## WHAT THIS TASK INVOLVES
Write the data out in full and word for word. Do not include images.

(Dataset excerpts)
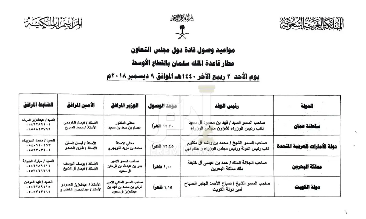 وتظهر القوائم التي حصل عليها صحفيو إرم نيوز المتواجدون في المركز الإعلامي المخصص لتغطية فعاليات القمة الخليجية، مواعيد وصول قادة وفود سلطنة عمان والإمارات والكويت والبحرين، مع تنويه إلى أن العاهل السعودي الملك سلمان بن عبدالعزيز آل سعود سيكون على رأس مستقبليهم في قاعدة الملك سلمان الجوية.
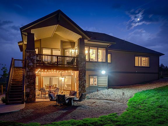 This spectacular property presents beautiful quality throughout! Features a gourmet kitchen w/ slab granite, large island, antiqued white cabinetry, stainless steel appliances & breakfast nook. The kitchen is open to a dramatic vaulted great room w/ a beautiful stone gas-log fireplace & wood mantle. The main level has a flex room that can be utilized for a formal dining room or study w/ French doors. The master suite includes a 5-piece bath w/ walk-in closet. Additionally, you'll find 2 bedrooms w/ walk-in closets, a full bath w/ dual sinks, a powder bath & a laundry/ mud room. Upstairs is an additional bedroom & full en-suite. The walk-out bsmt is beautifully finished featuring a large rec room w/ home theater, amazing wet bar, a large gym, 3/4 bathroom, a flex room & plenty of storage. Enjoy the stunning Colorado sunsets on the covered deck. The home has gorgeous landscaping & a spacious yard w/ several trees. Additionally, this home has an over-sized 3 car garage & central a/c.
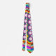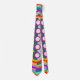This tie has a geometric design of concentric half-circles of several retro colors.
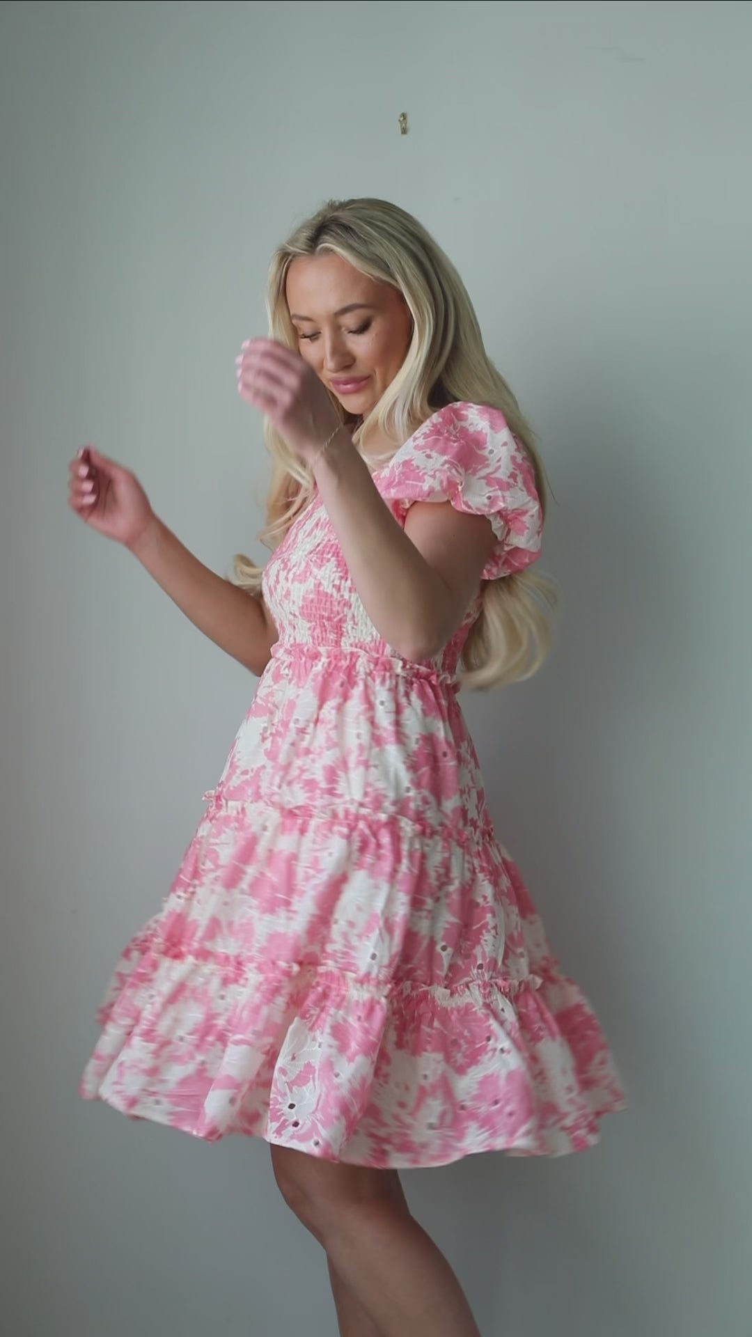 Upgrade your wardrobe with our Pink Puff Sleeve Floral Dress. The dress features a smocked top with delicate puff sleeves, made from high-quality eyelet fabric. With a square neckline and convenient pockets, this dress is perfect for any occasion. Elevate your style with this charming and elegant dress.
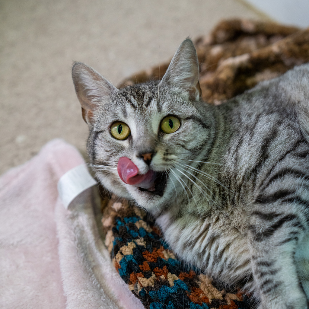 Daisy is a charming young grey tabby cat who will capture your heart with her unique qualities and irresistible charm. Despite the fact that she has no teeth, Daisy is a true gourmet and will enthusiastically eat just about anything you put in front of her. Her appetite knows no bounds, and she'll delight in mealtime as much as any other cat.
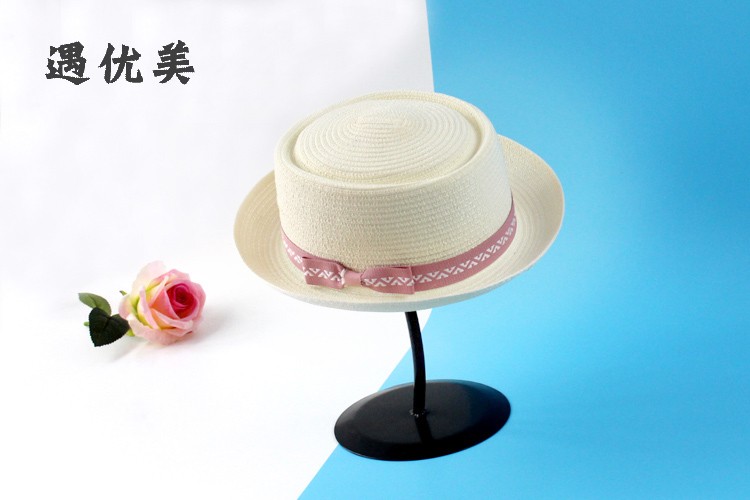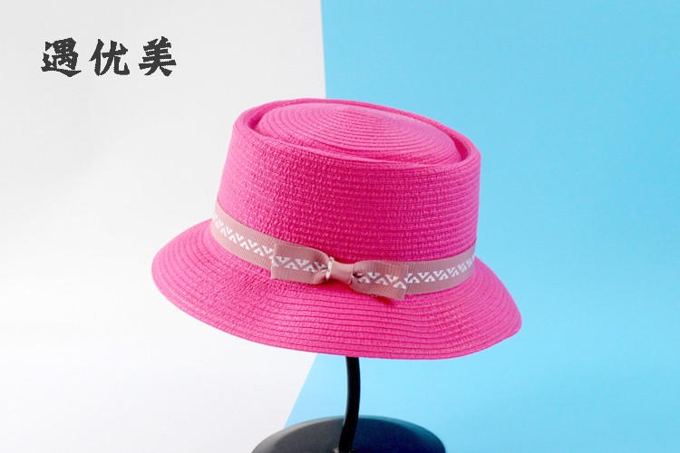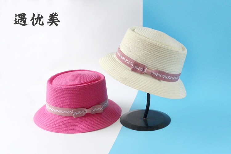 遇優美 日系潮帽凹頂細棉草編禮帽百搭清新小卷帽女士遮臉太陽帽1入

## YOUR RESPONSE
 وتظهر القوائم التي حصل عليها صحفيو إرم نيوز المتواجدون في المركز الإعلامي المخصص لتغطية فعاليات القمة الخليجية، مواعيد وصول قادة وفود سلطنة عمان والإمارات والكويت والبحرين، مع تنويه إلى أن العاهل السعودي الملك سلمان بن عبدالعزيز آل سعود سيكون على رأس مستقبليهم في قاعدة الملك سلمان الجوية.
 This spectacular property presents beautiful quality throughout! Features a gourmet kitchen w/ slab granite, large island, antiqued white cabinetry, stainless steel appliances & breakfast nook. The kitchen is open to a dramatic vaulted great room w/ a beautiful stone gas-log fireplace & wood mantle. The main level has a flex room that can be utilized for a formal dining room or study w/ French doors. The master suite includes a 5-piece bath w/ walk-in closet. Additionally, you'll find 2 bedrooms w/ walk-in closets, a full bath w/ dual sinks, a powder bath & a laundry/ mud room. Upstairs is an additional bedroom & full en-suite. The walk-out bsmt is beautifully finished featuring a large rec room w/ home theater, amazing wet bar, a large gym, 3/4 bathroom, a flex room & plenty of storage. Enjoy the stunning Colorado sunsets on the covered deck. The home has gorgeous landscaping & a spacious yard w/ several trees. Additionally, this home has an over-sized 3 car garage & central a/c.
This tie has a geometric design of concentric half-circles of several retro colors.
 Upgrade your wardrobe with our Pink Puff Sleeve Floral Dress. The dress features a smocked top with delicate puff sleeves, made from high-quality eyelet fabric. With a square neckline and convenient pockets, this dress is perfect for any occasion. Elevate your style with this charming and elegant dress.
 Daisy is a charming young grey tabby cat who will capture your heart with her unique qualities and irresistible charm. Despite the fact that she has no teeth, Daisy is a true gourmet and will enthusiastically eat just about anything you put in front of her. Her appetite knows no bounds, and she'll delight in mealtime as much as any other cat.
 遇優美 日系潮帽凹頂細棉草編禮帽百搭清新小卷帽女士遮臉太陽帽1入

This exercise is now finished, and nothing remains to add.